Игумен Лазарь (Гнатив)
Царским путем: об отношении архимандрита Матфея (Мормыля) к древним распевам
5 марта исполняется 86 лет со дня рождения главного регента и уставщика Свято-Троицкой Сергиевой Лавры, заслуженного профессора Московской духовной академии архимандрита Матфея (Мормыля) (1938–2009). Публикуем статью декана факультета церковно-певческого искусства МДА игумена Лазаря (Гнатива), посвящённую отношению архимандрита Матфея к древним церковным распевам.
Мы ведь часто приходим в храм со своей суетой, сумбуром в голове. Каким образом подключить нас к церковности? Как раз знаменный распев дает нам возможность побывать в колыбели настоящей церковности.
Архимандрит Матфей (Мормыль)[1]
Прежде чем приступить к изложению заявленной темы, позвольте сделать небольшое отступление, которое, надеюсь, поможет объяснить причину ее избрания, и заодно испросить у боголюбивого читателя некоторого снисхождения, так как придется неоднократно апеллировать к личному опыту, в связи с чем наши суждения, возможно, будут иметь несколько субъективный характер.
Итак, в далеком 1995 году вышла в свет книга иеромонаха Дамаскина (Христенсена) «Не от мира сего» о замечательном подвижнике и духовном писателе наших дней иеромонахе Серафиме (Роузе), интерес к личности которого возник у меня несколько ранее. Во время обучения в академии на одной из традиционных встреч студентов с лаврскими духовниками один из них, недавно почивший игумен Косма (Алехин) (+2021), упомянул имя отца Серафима в качестве примера особой ревности, твердости, решимости подвизаться о Бозе, особого отречения от мира ради Христа и необычного в наши дни подвига отшельничества, да еще не где-нибудь, а на Американской земле.
В своей книге, размышляя о т. н. «православии сердца» отца Серафима, отец Дамаскин, в частности, писал: «Исповедуя внутреннее “сердечное” Православие, отец Серафим предостерегал от увлечения “мудростью внешней”, от того, чтобы держаться буквы Закона Церкви, утеряв животворящий Дух истинного христианства»[2]. Отец Серафим указывал, как легко можно увлечься «правильностью» даже и в мелочах: «Мы, любя традиционную византийскую иконопись, можем вдруг с презрением отнестись к иконам современного письма. То же касается и церковной музыки, архитектуры, слепого следования постам, поклонам в церкви и т. д. Если вы начнете возмущаться, что у вас в церкви “неправильные иконы” (то бишь написанные не в традиционной манере) — берегитесь, ибо вас увлекла чисто внешняя сторона…»[3]. «Внешняя мудрость» подстерегает нас и в молитве, и в чтении духовных книг. Здесь легко пойти на поводу у собственных страстей. Вот что говорил по этому поводу о. Серафим: «Сейчас вошло в моду “упражняться” в Иисусовой молитве, читать Добротолюбие, кивать на святых Отцов. Все это нас не спасет — это лишь внешняя сторона веры, средство, которое может помочь, употреби мы его правильно. Если же вы хотите стяжать лишь “пылкое чувство”, то придете в итоге не ко Христу, а к антихристу»[4].
В подтверждение своих мыслей отец Серафим приводил слова блаженного Августина, святителя Тихона Задонского, святителя Игнатия Кавказского и подчеркивал: лишь те, кто чувствует Царство Божие сердцем, распознают антихриста, когда он появится на земле. А «сверхправильные», напротив, станут его легкой добычей[5].

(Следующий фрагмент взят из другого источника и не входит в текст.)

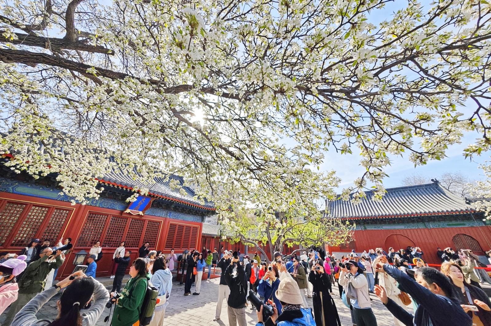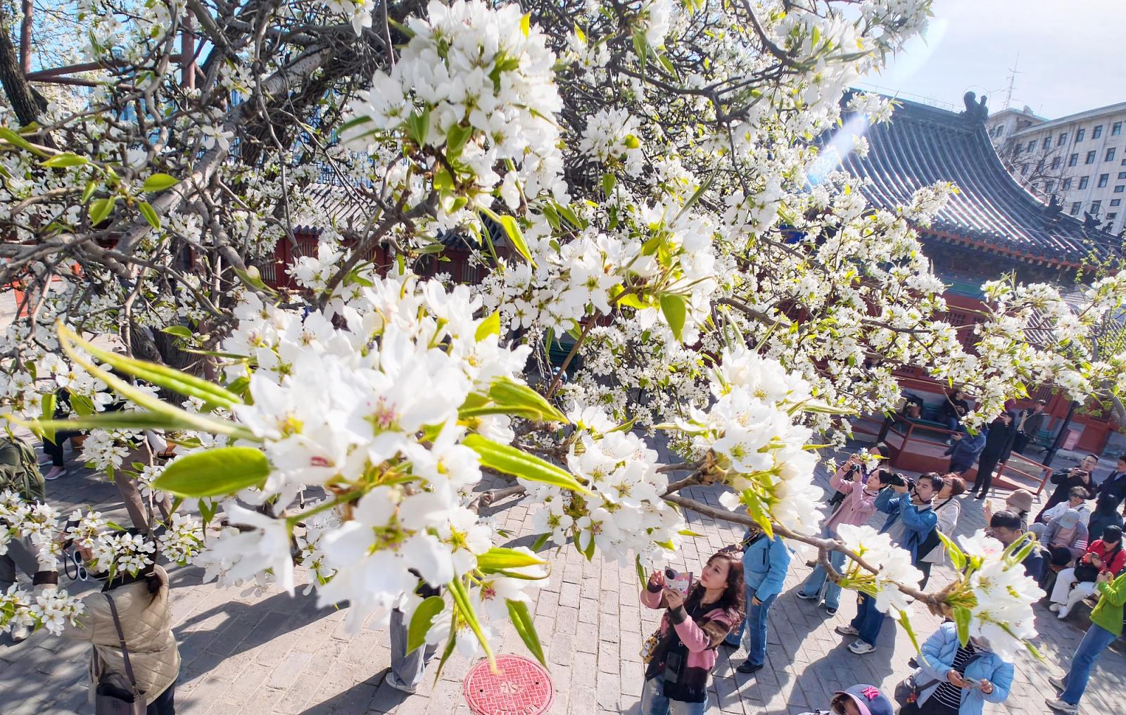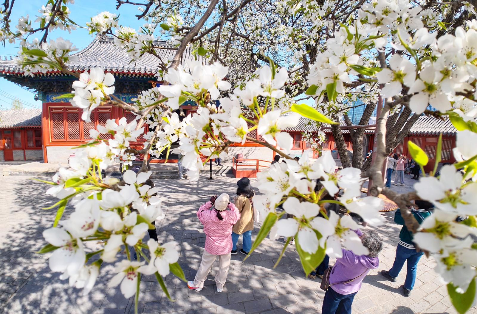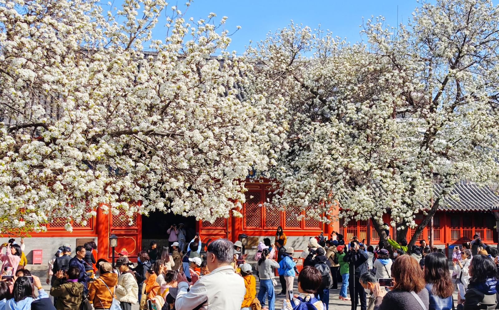 春风送暖,京城春色渐浓。位于东城区禄米仓胡同的智化寺内,两株古梨树如期盛放,雪白梨花缀满枝头,与红墙、古刹相映成趣,勾勒出独属于京城的春日诗意。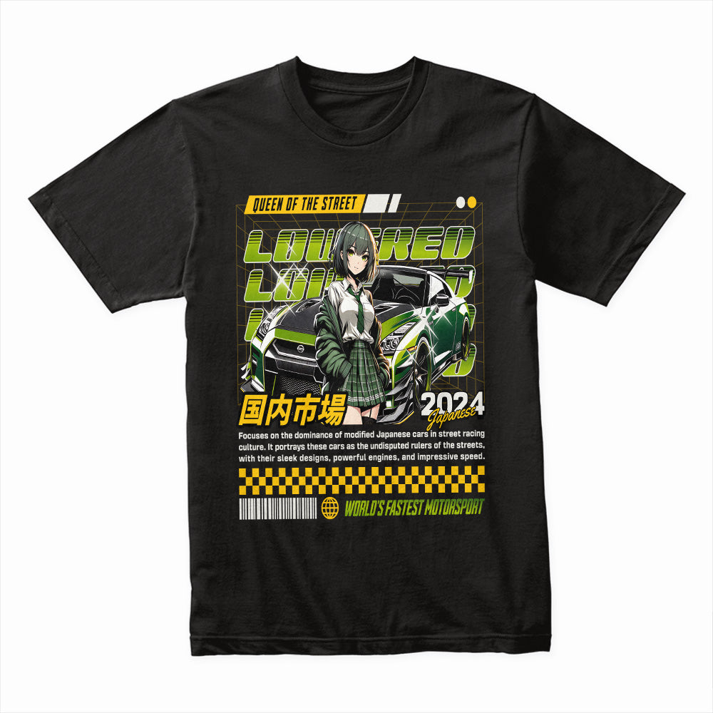 Own the streets with the Queen of the Street T-Shirt, where Japanese street racing meets anime culture. Featuring a fierce anime girl, a modified JDM car, and bold typography, this design captures the heart of modern street racing and otaku style.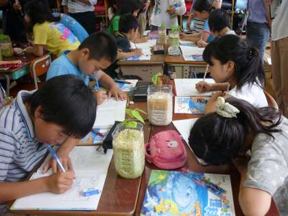 6月8日(金)5校時,5年1組の理科「植物の成長」の授業を本校の教職員が参観して,研修を行いました。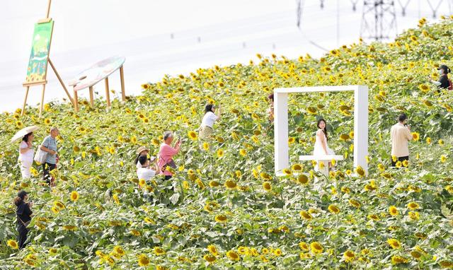 2023年9月20日,北京温榆河公园朝阳示范区西园,“芸上梯田”景区漫山的向日葵盛放,不少游客在其中拍照留念。 新京报记者 王飞 摄

И, наконец, еще одна важная мысль. Отец Серафим, ссылаясь на «Повесть об Антихристе» Вл. Соловьева, говорит, что антихрист, дабы привлечь тех православных, кто держится традиций, откроет Музей христианской старины. «Пожалуй, и “образ зверя” (Откр. 13. 14) будет написан с соблюдением византийских иконописных традиций… — пусть мысль эта будет нам трезвящим напоминанием… Почему мир захочет поклониться ему (антихристу. — и. Л.)? Да потому, что в нем есть то, что найдет отклик в каждой душе, когда в ней нет Христа. И если, не дай Бог, мы поклонимся ему, значит, нас привлекло нечто внешнее, схожее с христианством. Ведь антихрист захочет “заменить” Христа, быть похожим на Него»[6].

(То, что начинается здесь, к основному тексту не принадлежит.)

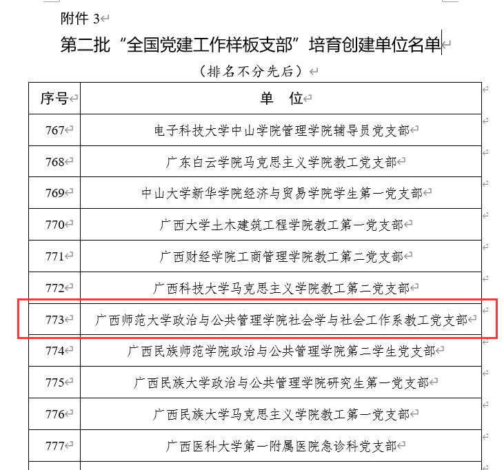 1月8日,教育部办公厅公布第二批全国党建工作示范高校、标杆院系、样板支部培育创建单位名单,共有10个高校党委、100个院系党组织、1000个党支部分别入选。广西有1个院系党组织、32个党支部榜上有名。我校政治与公共管理学院社会学与社会工作系教工党支部脱颖而出,入选全国“党建工作样板支部”培育创建单位。这是政治与公共管理学院党委多年来坚持不懈抓党建、提升基层组织力、久久为功的结果,也是社会学与社会工作系教工党支部全体党员同志不忘初心、牢记使命,凝心聚力抓党建、一心一意促发展,深入贯彻落实党的十九大精神,围绕中心工作开展各项活动,加强党的基层组织建设,积极发挥基层党组织的战斗堡垒作用和党员的先锋模范作用的成果体现。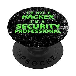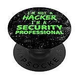 Perfect gift for IT Information Technology Information Security or Cyber Security professionals. I'm Not A Hacker, I'm a Security Professional including a computer screen green terminal classic font PopGrip with swappable top; switch out your PopTop for another design or remove it completely for wireless charging capabilities. (Not compatible with Apple MagSafe wireless charger or MagSafe wallet.) Expandable stand to watch videos, take group photos, FaceTime, and Skype handsfree. Advanced adhesive allows you to remove and reposition on most devices and cases. Note: Will not stick to some silicone, waterproof, or highly textured cases. Works best with smooth, hard plastic cases. Will adhere to iPhone 11, but not to the iPhone 11 Pro nor the iPhone 11 ProMax without a suitable case.

Эти рассуждения отца Серафима натолкнули меня на мысль, которую я дерзнул высказать в своей кандидатской диссертации «Реформа певческой нотации XVII века (церковно-историческая оценка)», над которой работал в то время, как бы логически завершив цепочку рассуждений отца Серафима, а именно: «Если образ зверя будет написан с соблюдением византийских иконописных традиций, то не исключено, что коронация антихриста в Иерусалимском храме будет под звуки знаменного распева или чего-либо подобного… Так опасно увлечение внешним, если оно не продиктовано внутренним, если оно не продиктовано потребностью духа, а служит лишь самоцелью или очередным увлечением»[7].

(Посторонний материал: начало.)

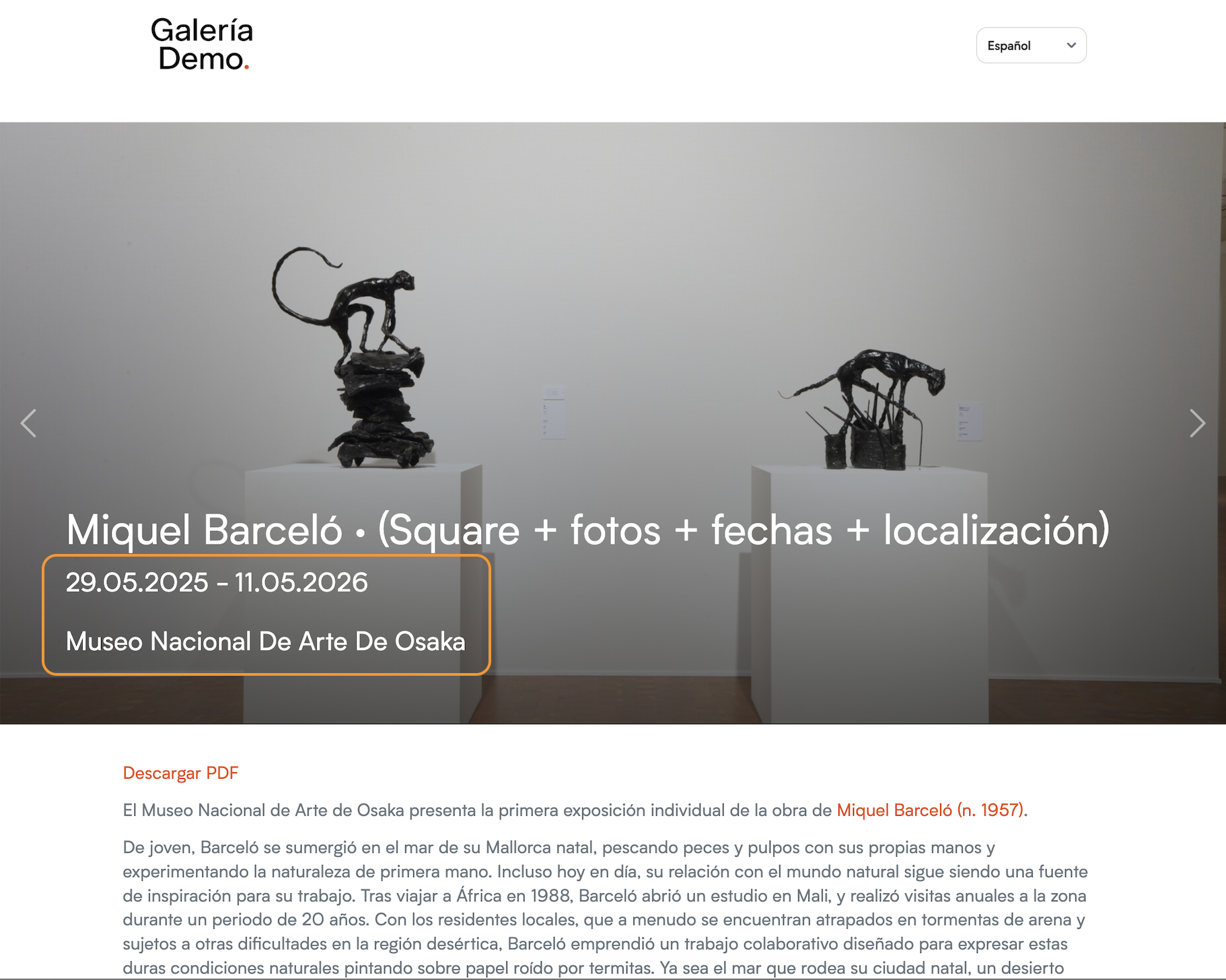 Si creas un showroom directamente desde una exposición, los campos de fecha y localización se completarán automáticamente con la información registrada en la ficha de esa exposición. Si no quieres mostrar esta información en el showroom, puedes eliminar esos campos en la edición del showroom y no afectará a la exposición original.

Немало воды утекло с тех пор… И вот совсем недавно мне довелось повторить эту же мысль в интервью в рамках проекта «Лица академии» киностудии МДА «Богослов».
Один из комментаторов написал под размещенным на канале киностудии интервью, неверно истолковав посыл, заключенный в моих словах, буквально следующее: «Интересно, что по этому поводу сказал бы отец Матфей (Мормыль), который включал знаменные песнопения в репертуар своего хора. И не только отец Матфей, но и все, кому было дорого отечественное русское наследие». Собственно, этот и еще один комментарий, где отмечается, что говорить о вершине знаменного пения, но считать при этом приемлемым для себя партес — это противоречие и диссонанс, подвигли меня выступить с сообщением на тему «Отношение архимандрита Матфея к древним распевам».
Ответ на поставленные вопросы мы попробуем дать как на основе письменных свидетельств, так и на основе личного опыта общения и сотрудничества с отцом Матфеем на регентском поприще.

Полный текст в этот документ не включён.